Lehman Brothers 10 anni dopo, resta la finanza casinò
«Date le condizioni della finanza mondiale, non ci si deve chiedere “se” una nuova crisi scoppierà, ma “quando”». Leggendo questa dichiarazione di Carlo Clericetti, nota firma del giornalismo economico, nell’intervista rilasciata a Città Nuova, abbiamo ricevuto in redazione telefonate preoccupate per sapere quali proposte sostenere per rispondere a tale annuncio traumatico.
Un buon riscontro che dimostra da un lato l’esistenza di persone che leggono gli articoli per intero, senza fermarsi al titolo, e dall’altro una predisposizione ad andare oltre la denuncia con proposte da sostenere seriamente. È ciò che cerchiamo di fare in compagnia con il mondo dell’economia civile e della finanza etica, che non sono affatto riserve indiane di illusi ma movimenti propulsivi del cambiamento. Lo strumento può essere anche ironico in mezzo a tante tragedie ed è quello che ha proposto Banca etica davanti alla Borsa di Milano, in una solitaria piazza Affari dove si erge l’imbarazzante monumento dell’eclettico Cattelan.
Intorno alla statua che, diciamo così, con un gesto conosciuto a livello internazionale “manda al diavolo” lo sporco mondo della speculazione, gli attivisti della finanza etica hanno riprodotto in grande il famoso gioco da tavola Monopoli rinominandolo Borsopoly come metodo per apprendere segreti e bugie del mondo dei soldi, per capire assieme come liberarsi dalla logica asfissiante di una disciplina che gioca con la vita reale delle persone ma resta accessibile alla conoscenza di pochissimi.

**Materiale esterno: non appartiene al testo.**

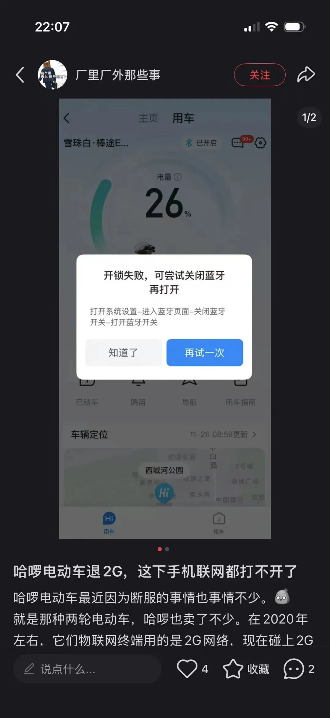 2025 年 12 月,多名用户表示自己的哈啰电动车出现“断网”情况,原本可以通过 App 远程查看电量、定位车辆的功能突然消失,部分用户甚至在社交平台上表达了对安全问题的担忧。哈啰电动车随后也给出回应,称问题源于运营商 2G 网络退网。
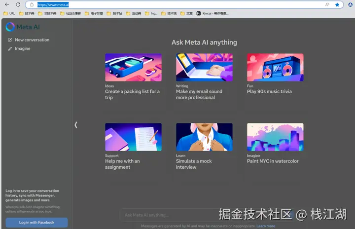 最近meta也推出的名为Meta AI的免费聊天网站。这个网站基于Llama 3大语言模型,支持包括美国在内的13个国家和地区访问使用,用户可以通过浏览器免费试用。

Secondo l’ultimo rapporto della Consob il 50% degli italiani non conosce le nozioni base della finanza, ma il dato sembra sottostimato. Dopo gli scandali delle banche fallite anche in Italia, si è avuta una certa enfasi sulla necessità di un’educazione finanziaria che sembra tuttavia, come sottolinea Banca etica, «un tentativo di addossare ai consumatori le responsabilità dei disastri» avvenuti
La questione è serissima perché come dice Andrea Baranes, presidente della Fondazione culturale di Banca Etica, a 10 anni dal fallimento della Lehman Brothers, che ha segnato l’avvio ufficiale della crisi economica peggiore dal 1929, quasi «nessuno dei responsabili è stato condannato, mentre le banche sono state salvate con montagne di soldi pubblici; la crisi ha provocato danni giganteschi all’economia nel suo insieme, e in particolare alle fasce più deboli della popolazione, assieme a un vergognoso aumento delle diseguaglianze».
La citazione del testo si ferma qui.